April 22


Amber pages:



One of my background agendas for writing this blog - indeed, it has been the background agenda for most of the books and blogs have written these past forty years - is to provide for myself a structure, and within the structure both a discipline and a goal, in order to find out about people and "things" that I have heard of, that I feel I should know something about, preferably more than just "something", because usually I know absolutely nothing at all about them. 



Such is the case with Immanuel Kant, born today in 1724, who I am able to state with total conviction was a philosopher, and then to add, equally certainly, that when we accuse someone of "canting", of "talking a lot of cant", that word is spelled with a "c" and not a "k", and so we are not making accusations against said Immanuel. And there my knowledge ends (and no, I have no idea what are the source and origins and meaning of the word "cant"). I can list him with Kierkegaard and Schopenhauer as three of the most important European philosophers (but I know virtually nothing about 
Kierkegaard and Schopenhauer either, and I think I can say "of the Enlightenment", but... and now I am really struggling.

So, pause, and I will come back when I have undertaken the discipline and fulfilled the goal...


Precisely the same is true of Madame de Stael, born today in 1766, though I do know that her full name was 
Anne Louise Germaine de Staƫl-Holstein, because I just looked that up.


Whereas I could write reams (but probably shan't) about
:

Nikolai Lenin (whose real name was Vladimir Ilyitch Ulyanov), born today in 1870, the leader of Russia's second revolution in 1917, the Bolshevik Communist one that overthrew the Menshevik government of Kerensky...

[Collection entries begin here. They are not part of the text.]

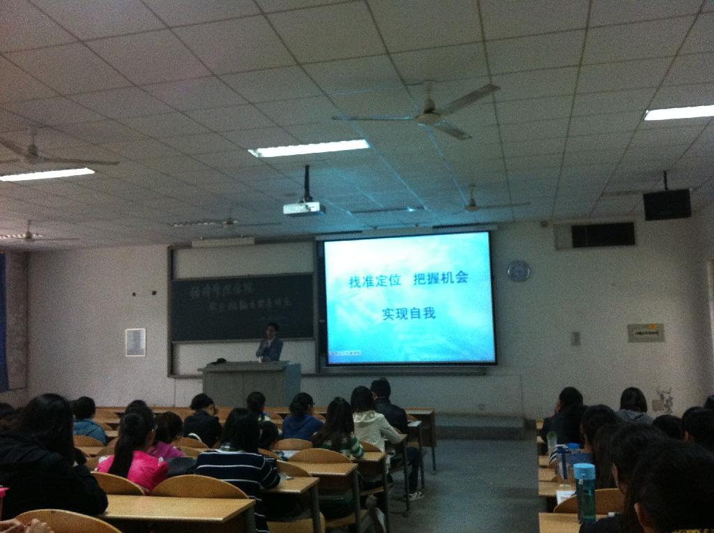 2012年10月11日,经济管理学院在C102举办09级毕业生就业指导讲座。围绕“找准定位、把握机会、实现自我”这个主题,特邀主讲人我校就业指导中心姬洪波副处长进行了精彩的讲授。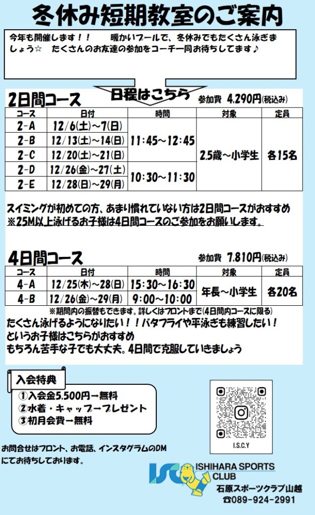 ☆冬休み短期教室のお知らせ☆ / 未分類 / By ishihara-s-c-yamagoe-toukou 今年も冬休み短期教室を開催します☆ 寒い冬も暖かいプールでたくさん泳ぎましょう!! 参加後のご入会で、嬉しい特典もございます。 皆様のご来店お待ちしております。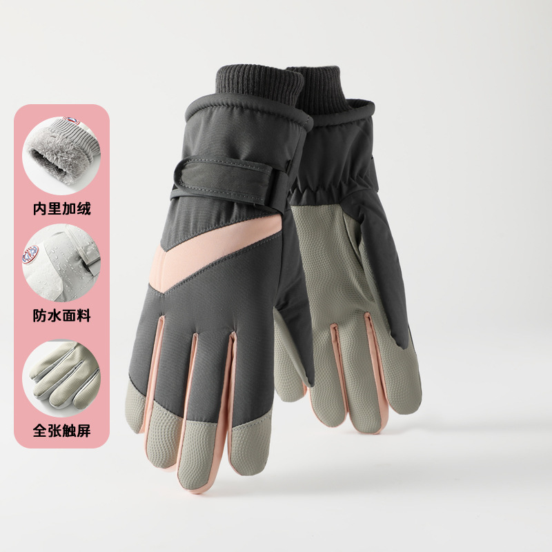 가을 겨울 남성용 및 여성용 스키 장갑, 방풍 및 방수, 야외 라이딩 오토바이, 벨벳 및 두꺼운 따뜻한 손가락 장갑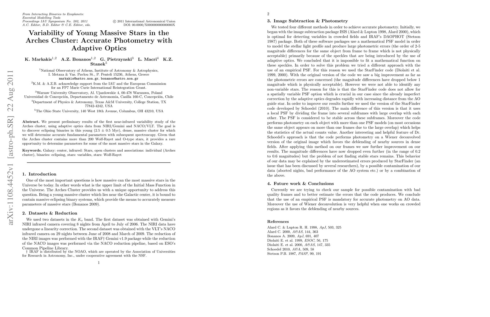 We present preliminary results of the first near-infrared variability study of the Arches cluster, using adaptive optics data from NIRI/Gemini and NACO/VLT. The goal is to discover eclipsing binaries in this young (2.5 $\pm$ 0.5 Myr), dense, massive cluster for which we will determine accurate fundamental parameters with subsequent spectroscopy. Given that the Arches cluster contains more than 200 Wolf-Rayet and O-type stars, it provides a rare opportunity to determine parameters for some of the most massive stars in the Galaxy.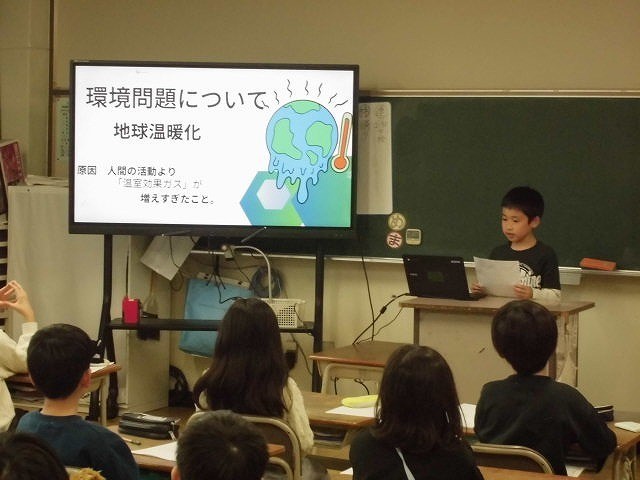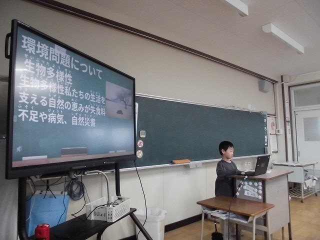 2学期から進めてきた環境教育をまとめとして1人ずつの発表をしました。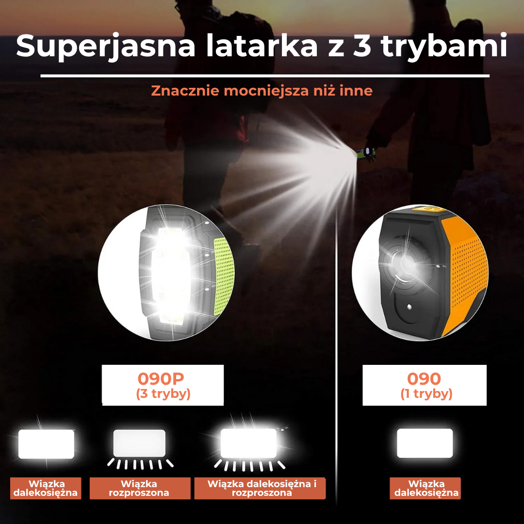 Tak, ma jasną latarkę z przodu i składane światło do czytania na górze – idealne do wnętrz lub namiotu.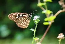 虎斑蝶,Danaus genutia ,是斑蝶属的一种,常见于湿地公园内。雄性虎斑蝶经常伏于吊裙草 上吸食汁液,以制造吸引异性的香气。虎斑蝶翅膀腹面鲜橙色,翅脉和翅边缘黑色,边缘上有两行小白点,…全部>>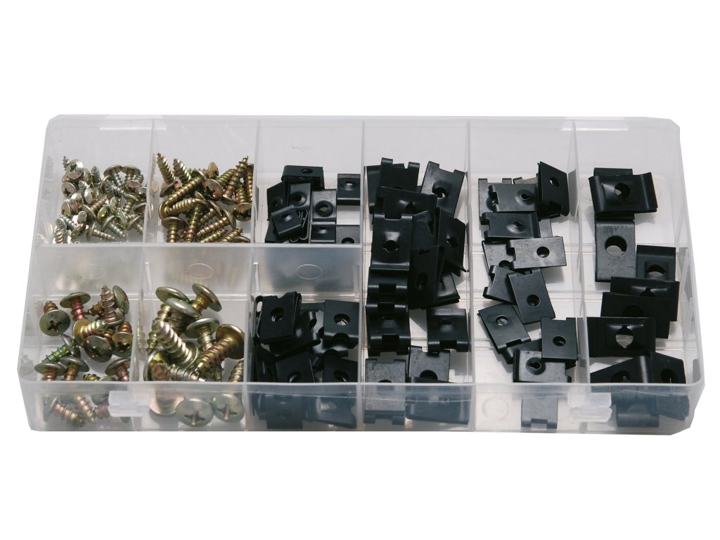 Sortiment kovových spon (svorek) a šroubků krytu motorů a podvozku automobilů, 170 dílů – BGS 8114.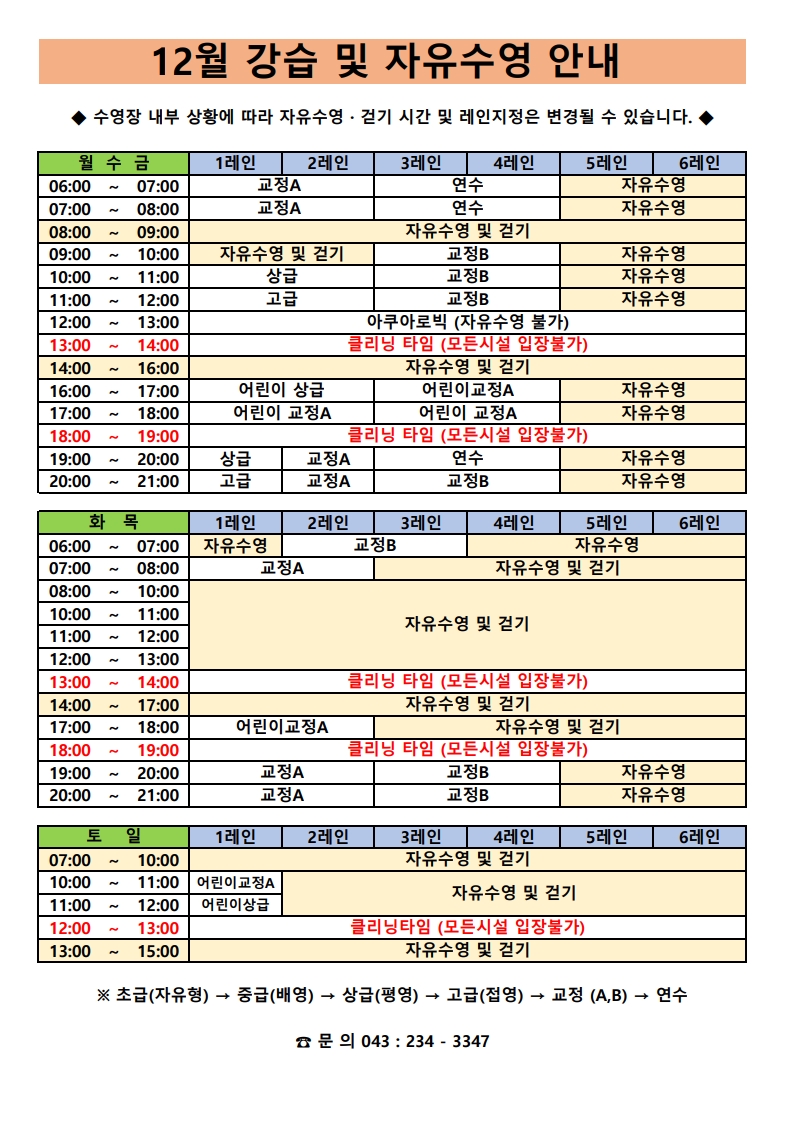 12월 강습 및 자유수영 안내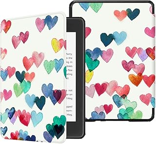 FINTIE Étui pour Kindle Paperwhite (10ème génération - modèle 2019/2018) - Coque Housse Flip Fin et léger, Fermeture magnétique avec Mise en Veille Automatique, Raining Hearts

And ditto Vladimir Nabokov, novelist, born today (or possibly tomorrow, the accounts vary) in 1899.


Whereas the opportunities for some hyperlinks to some serious jazz music, and an entire album of Joni Mitchell songs, is virtually irresistible when I notice that today, in 1922, the great jazz bass player Charlie Mingus was born... but I already did that, for his obituary, on January 5


Which leaves only two other birthdays that interest me: 

J. Robert Oppenheimer in 1904... but I have that piece set up for writing on January 27... 

and Sir Yehudi Menuhin, violin virtuoso, born today in 1916, who interests me, but not really all that much.


So I guess it's back to Kant and Madame de Stael, or the lights on this page may get stuck in amber for a while.


The photo at the top of the page was taken on my Miami-San Francisco road trip back in 2013: Robert J Oppenheimer visible, General Leslie Groves seen the way that Moses saw God, outside Fuller Lodge, where most of the important activity for the Manhattan Project took place.